Putting together a paper for a conference on Representing the Tudors this weekend, I’ve been taxed (again) by the question of what is public history.
This is something I try to explain to students every so often, and typically I borrow the typology proposed in the 80s by Benson, Brier and Rosenzweig. Here, public history comes in three varieties:
- a slick, mass media type often ‘serving dominant interests’
- a professional type, as practised in museums and at heritage sites
- a “people’s history” type often emerging from labour movement contexts.
Categorising public history in this way is pretty pervasive, but it has some problems. Most obviously, that definition pre-dates the internet and social media. It leaves out the increasingly important role of universities in making public history. (Laura King and Gary Rivett have written about issues with that role here.) And it also risks marginalising some important issues, not least the question of money.
A different way to think about public history is to ask how it’s funded. Very often we don’t follow the money, but we probably should. Lots of grass-roots community history projects, that might be classed as the ‘people’s history’ type, depend on Heritage Lottery funding or are part of University public engagement or outreach schemes. In other words they’re not as straightforwardly ‘people’s history’ as they might be.
Within the last year I’ve been interviewed twice for a research project about Park Hill, the housing development in Sheffield where I live (part of this larger initiative). The academics running the project, which has research council funding, are genuinely keen that residents should be able to contribute to the research agenda.

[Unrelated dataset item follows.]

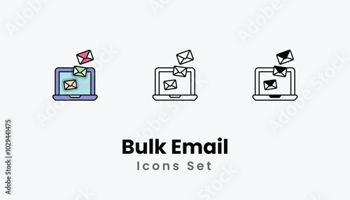 Bulk Email Icons thin line and glyph vector icon stock illustration
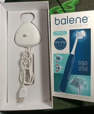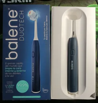 Cepillo de dientes eléctrico Balene Duotech en color azul marino. Incluye su caja original y cargador. - Tecnología de limpieza sónica avanzada. - Elimina el 99,9% de bacterias. - Cerdas Tyflex de larga duración. Viene sin el cabezal porque lo usé en 5 ocasiones (los recambios se pueden comprar en Amazon sin ningún problema. Está cómo nuevo.

Yet, immediately, there are questions about money. Participants are not paid, but their interviewers are. Participants are asked to sign over copyright in their contributions to the University. That doesn’t feel very public to me.
At the other end of the public history spectrum, if you like, we have those slick mass media projects. Unlike the grass-roots co-produced type of history, they pay me for my time. They also (usually) expect to own my contribution, but at least they’ve paid for it. They’re often publicly funded, and they’re collaborative too, something that can be forgotten. It takes dozens, sometimes hundreds, of people to make a TV show. I suppose the difference is that post-collaboration you then have a product that can be passively consumed. The majority of the audience hasn’t had direct input (though they might engage via social media at a later stage). Yet even in co-produced projects, there are often outputs for passive consumers – an exhibition, a book or suchlike, for those who weren’t ever part of the production.

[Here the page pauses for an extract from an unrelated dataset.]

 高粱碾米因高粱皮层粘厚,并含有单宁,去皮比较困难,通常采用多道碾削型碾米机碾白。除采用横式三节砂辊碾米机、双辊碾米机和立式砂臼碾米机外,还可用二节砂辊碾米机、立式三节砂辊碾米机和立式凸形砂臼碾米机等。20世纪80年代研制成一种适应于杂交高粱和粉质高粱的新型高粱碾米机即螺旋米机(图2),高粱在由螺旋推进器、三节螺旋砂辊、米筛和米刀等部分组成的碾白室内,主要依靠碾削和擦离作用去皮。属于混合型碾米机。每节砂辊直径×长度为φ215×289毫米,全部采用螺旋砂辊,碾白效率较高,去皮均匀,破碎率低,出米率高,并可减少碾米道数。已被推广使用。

So does it make sense to talk about those three categories of public history? I wonder if they’re better conceptualised as three traditions of public history. I suspect they were much more sharply distinguished, say, at the height of the History Workshop movement. Now, the role of the HLF and university money in the ‘people’s history’ world seems to me to raise some problematic issues about power and hierarchy. On the other hand, social media and audience engagement has become more and more significant to the mainstream media. The lines are fuzzier than they were in the 70s or 80s.

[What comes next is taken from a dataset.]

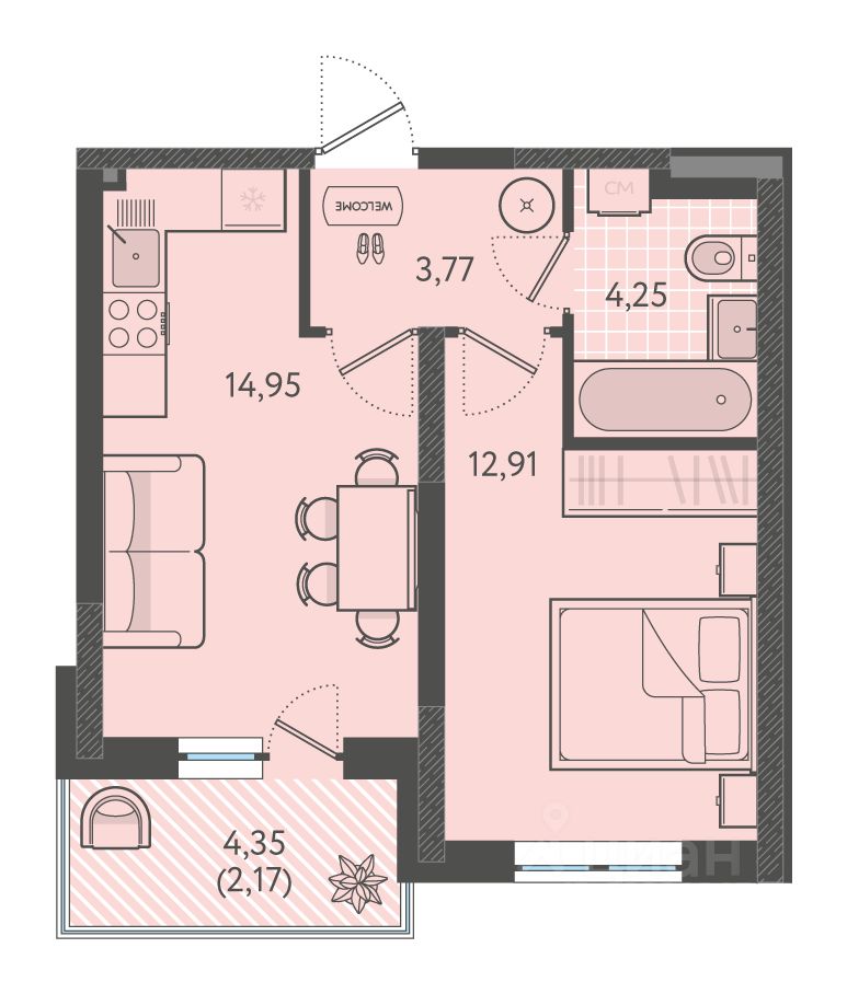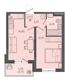Жилая площадь12,9 м²

I’m not sure that I’ve got a great new framework for discussing public history, but I’m quite convinced that we should talk more about the economics of history and how they affect what we do. I’m hoping to organise a panel on this theme for the Radical Histories conference in July 2016, and I’d love to hear from anyone who’d like to get involved.
Catherine thank you for this post. Many things could be said about funding projects (academic and public) and money driven public history. Even more about the important transformation of PH after the digital turn and the birth of Digital Public History and, again, how projects are funded and how they could become sustainable. What about proposing a panel for NCPH Baltimore in March 2016 (http://ncph.org/cms/conferences/2016-annual-meeting/ deadline July 15…) and, IFPH Bogota in July 2016 (https://ifph.hypotheses.org/news) also looking at ways we could use sponsor financially the “public” participation in PH projects? And if this retribution model would be fairly introduced when you “share” authority or you use crowdsourcing facilities. We need four people. I could bring one and you another 🙂 I mean for Baltimore?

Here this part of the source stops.